La noche despierta las cualidades venatorias. Olfativas.

– ¿Qué andás buscando? Preguntó el propietario apelando al “che”. Al tuteo. Sabía que eso molestaba a los uniformados sin uniformes. La respuesta fue rápida

– ¡A mí me respetás! Me tratás de usted… Qué lástima que te pongas en duro. Sé que te va muy bien. No entiendo el por qué no querés colaborar. ¡Sería una lástima tener que cerrar un negocio tan próspero como éste!

– ¡Vamos a hacerla corta… (levantó la voz el Ruso) ni a vos ni a ni a ningún milico ortiva, le pago un solo mango de cometa… así que te podés ir a la mierda lo más rápido posible antes que te cague a trompadas…!

Duros cruces

Las chicas huían despavoridas saltando por las ventanas de las piezas y corriendo por los campitos de entonces. Nadie jamás, ni en la mismísima Córdoba, donde también en el ambiente había guapos de verdad, se habían atrevido a contestarle con tanto desenfado. Era un comisario temido. Como el Ruso no tenía noción del temor, le daba lo mismo tomarse a las piñas con Firpo que con algún fiolo. El cana levantó el sombrero, se lo calzó, dejó el sobretodo abierto para que se viera que usaba los “fierros” en ambas sobaqueras. Nada amainó el diálogo.

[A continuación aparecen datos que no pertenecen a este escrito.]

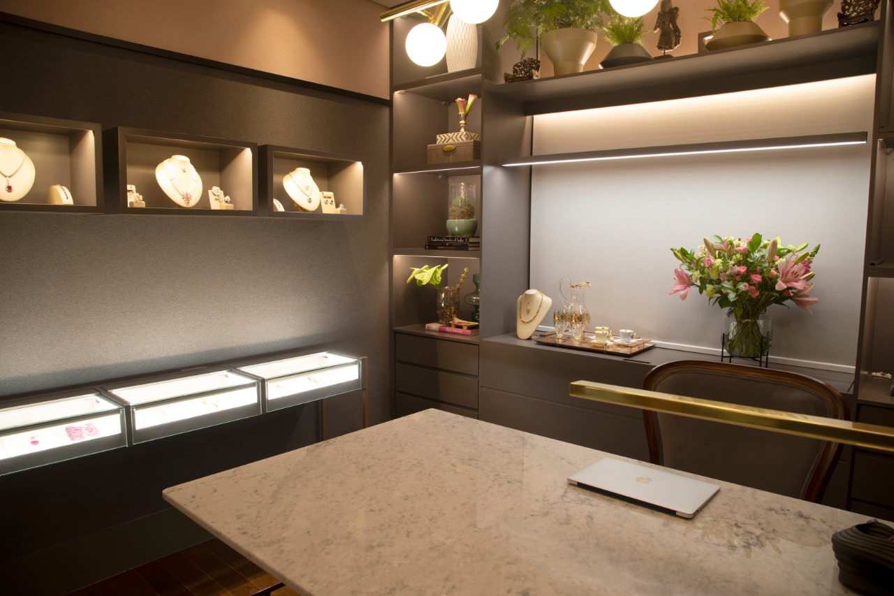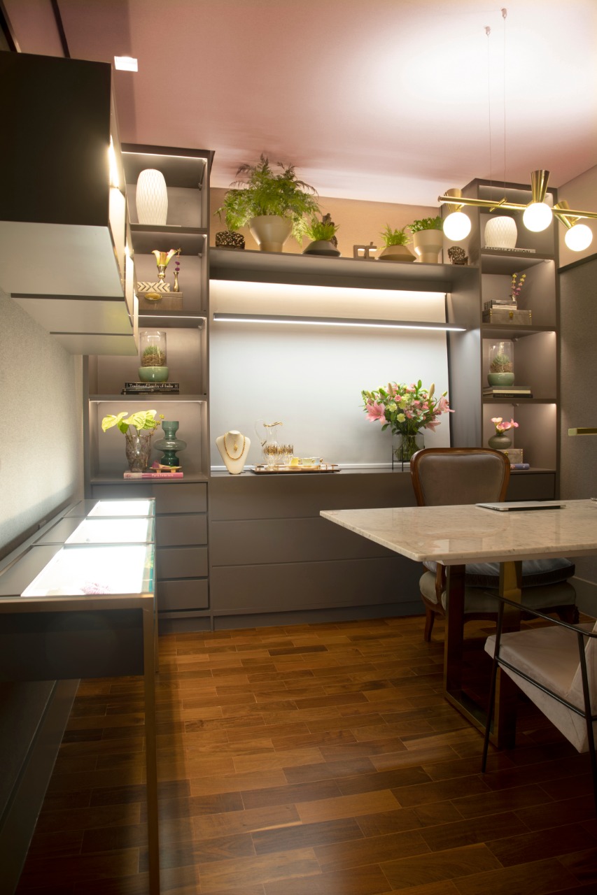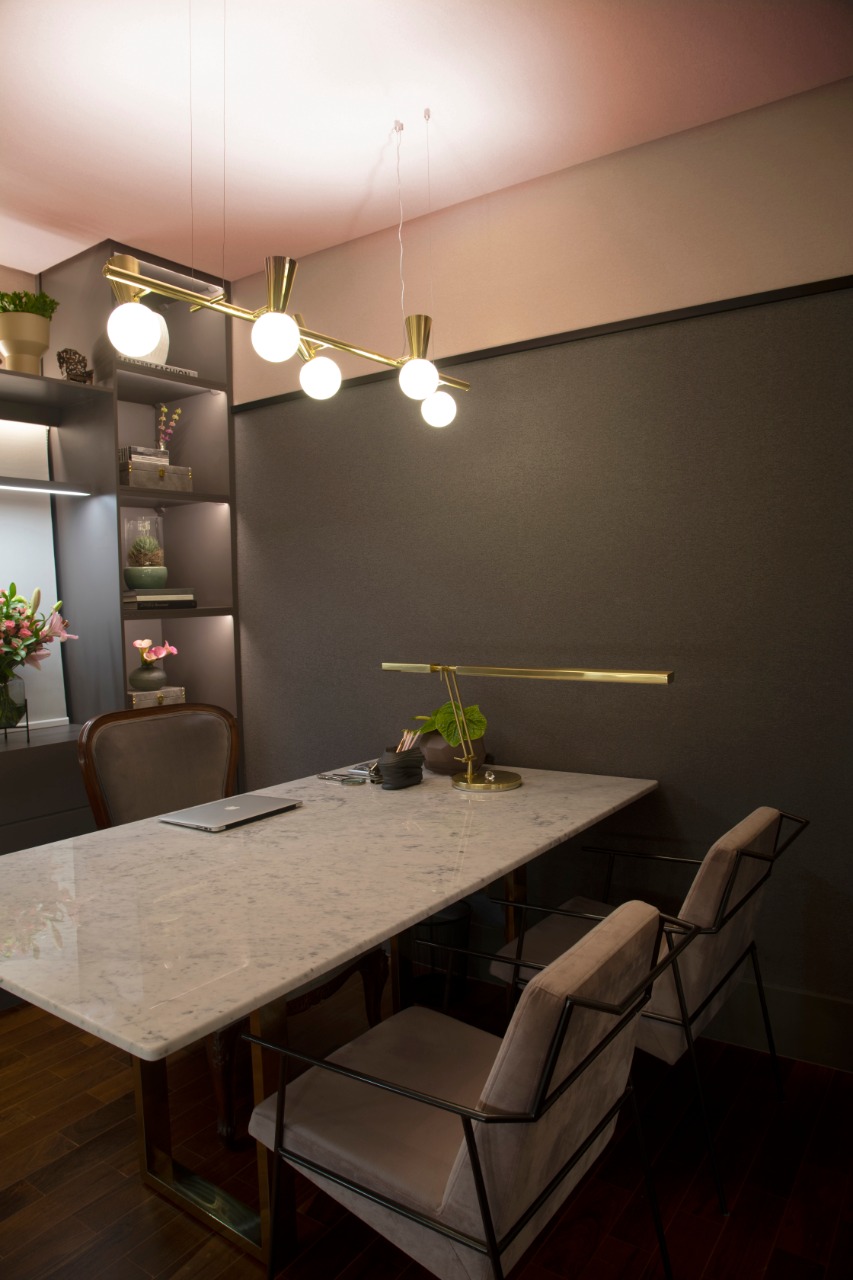 O ambiente que era anteriormente uma sala de almoço, foi reorganizado para um home office inspirado nos pequenos e antigos ateliês parisienses. A sobriedade é uma das principais características, onde a cor grafite foi a base para a marcenaria e paredes. A cor rosa traz feminilidade e entra no papel de parede em linho rústico, que recobre todo o teto. A cor dourada, que remete ao trabalho em joias exposto neste office, marca presença na base da mesa com tampo em mármore Carrara e nas luminárias, desenhadas e desenvolvidas pelo escritório.

– Así que guapito vos… (Arreció el milico) esta noche o esta semana, cuando me dé la gana, no te voy a meter preso, pero te va a salir mucho más caro de lo que te imaginás… Polaco de mierda (ex profeso le cambió la etnia del sobrenombre de Ruso o tal vez quiso menospreciarlo con otro origen, como el polaco).

Subió al Kaiser Carabela negro, impactante, ordenó al chofer. Partieron. El comisario, dicen, que despellejado de odio.

La noche de la venganza

Una semana después. Día lunes, poco movimiento, el Ruso levantó la vista y clavó la mirada en un viejo reloj de pared de la firma Seppey. 3.45 horas, harto de tantas madrugadas decidió volver a su casa que, dicho sea de paso, nada tenía que ver con el negocio. Nada de nada. La familia era la familia.  Al introducir la llave en la puerta de su vivienda, la explosión lo hizo retroceder.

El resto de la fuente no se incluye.